In October 1951, radio announcer Joe Bostic convinced the original sextet to open for Ward and Jackson as among the first gospel acts to perform at Carnegie Hall in Manhattan under the "Negro Gospel and Religious Music Festival" program. Shortly after that, the group made their professional radio singing debut on Bostic's Gospel Train Sunday morning radio program in January 1952. Not too long after these accomplishments, however, their father discovered he had stomach cancer. By the time of the official diagnosis, it had already metastasized all over his body and he died that March. The group temporarily went on hiatus following his death and left their old church at St. Luke's A.M.E. Church where they had been raised as Methodist Episcopalian following the departure of their minister Rev. Elzae Warrick, whose son Mancel Leland, had married Lee Drinkard. By 1953, however, the group reunited after converting to Baptist and joined the New Hope Baptist Church, where Cissy served as Minister of Music.

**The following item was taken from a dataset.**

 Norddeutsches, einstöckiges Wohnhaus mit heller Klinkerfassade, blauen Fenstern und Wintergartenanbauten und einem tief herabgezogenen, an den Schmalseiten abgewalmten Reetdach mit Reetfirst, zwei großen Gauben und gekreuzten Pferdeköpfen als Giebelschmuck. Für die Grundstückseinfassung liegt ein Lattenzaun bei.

By 1952, Judy Guions, who had been adopted years earlier by Lee Drinkard-Warrick alongside a younger sister Sylvia, joined the group. Guoins would later change her name to Judy Clay after beginning her secular career. It was this new lineup that would perform at the Newport Jazz Festival alongside Mahalia Jackson and Sister Rosetta Tharpe as the first gospel group to perform at the venue in 1954 leading to the release of the album, The Newport Spiritual Stars, followed by another Newport live album in 1957. During this period, they would record several songs and would be seen at concert by Elvis Presley and his manager Col. Tom Parker. Parker failed to convince Lee Warrick to let the group back Presley on an upcoming gospel album but a scout for RCA Records, Presley's label, eventually got the act signed there, making them the first gospel group in history to sign with a major recording label. Their first and only studio album, A Joyful Noise, was released to critical acclaim in 1958.

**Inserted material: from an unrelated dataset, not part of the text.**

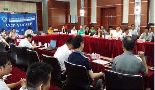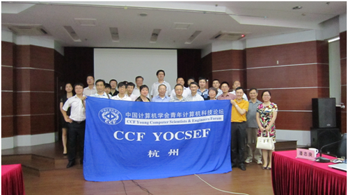 2014年6月21日下午,CCF YOCSEF杭州联合了CCF 杭州分部、杭州市计算机学会、杭州市科协在杭州市科技交流馆(延安路489号)3楼多功能厅举办“智慧社区——打造生活E时代”报告会,暨“杭州智慧社区发展青年科技论坛”。CCF常务理事、中国计量学院计算机软件研究所所长陆慧娟教授,CCF理事、CCF YOCSEF总部AC委员卜佳俊,杭州市科协学会部部长沈亮,杭州市经信委原信息化推进处处长童汉清,杭州市计算机学会副理事长徐玉清,杭州分论坛的AC委员董天阳、俞凯、王雪峰,杭州分论坛的其他委员、在杭高校和各地企业代表等40余人出席了会议。会议由CCF YOCSEF杭州主席董天阳和副主席俞凯共同主持。

During this time, the group regularly performed at the Apollo Theater and had the Gospelaires, which consisted of Lee's eldest daughters Dionne and Dee Dee Warrick as well as singer Doris Troy and Sylvia Shemwell opening for them. The group, aunt Cissy in particular, trained and mentored the group. The group eventually entered and won the amateur night competition at the Apollo. A little while later, the Gospelaires found themselves recording background for secular artists such as The Drifters though they continued to perform gospel into the early 1960s.

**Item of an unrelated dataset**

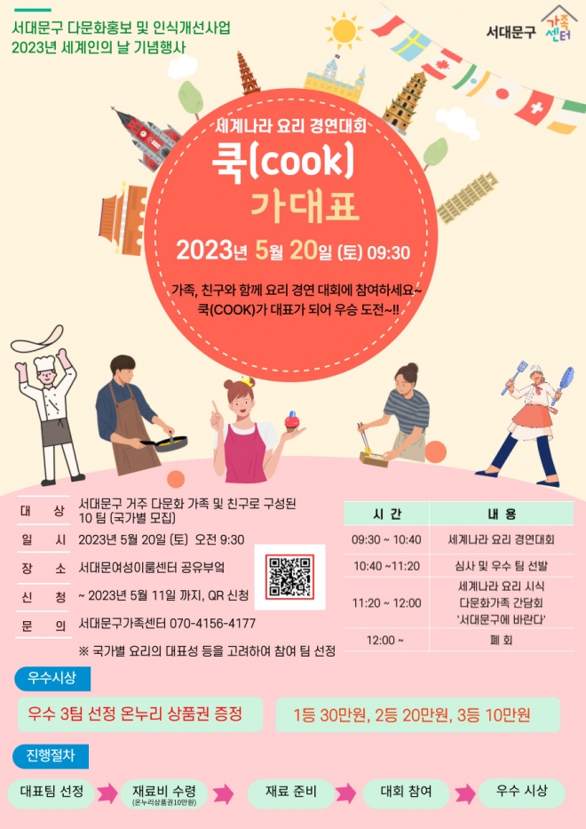 경연 대회를 마친 후에는 모든 참가자가 요리를 맛볼 수 있는 시식 시간과 ‘서대문구에 바란다’를 주제로 하는 다문화가족 간담회도 이어진다. 이성헌 서대문구청장은 “이번 요리 경연 대회가 결혼 이민자들의 자국에 대한 자긍심을 높이고 지역 사회 내 다문화 수용성을 높이는 계기가 되기를 기대한다”고 말했다.

Though the group eventually performed on the gospel show TV Gospel Time, Lee, Marie, Cissy and Anne's departures from the group by 1962 signaled the end of the Drinkard Singers. Cissy would go on to become a successful secular recording artist, first as a background session vocalist for artists such as Solomon Burke, Aretha Franklin, Elvis Presley, Dusty Springfield, The Drifters and Dionne Warwick, then as lead singer of the Grammy-nominated girl group The Sweet Inspirations, and then as a solo artist with hits such as "I'll Be There", "Tomorrow", the original version of "Midnight Train to Georgia" and "Think It Over" before returning to gospel in the 1990s where she won two Grammy Awards for the albums Face to Face and He Leadeth Me.

Member Judy Clay went on to a critically acclaimed career in soul music, mainly in duet recordings with the likes of Billy Vera and William Bell. Clay's sister Sylvia Shemwell eventually joined Cissy's session group in 1963, four years before they acquired the name of the Sweet Inspirations. Remaining close, Cissy and Anne reunited in the late 1960s to back Dionne on a gospel recording session.

In acknowledgment of her contributions to gospel and soul music, Cissy Houston was honored with the Award of Excellence at the Stellar Awards in 1990 and the R&B Foundation Pioneer Award in 1995.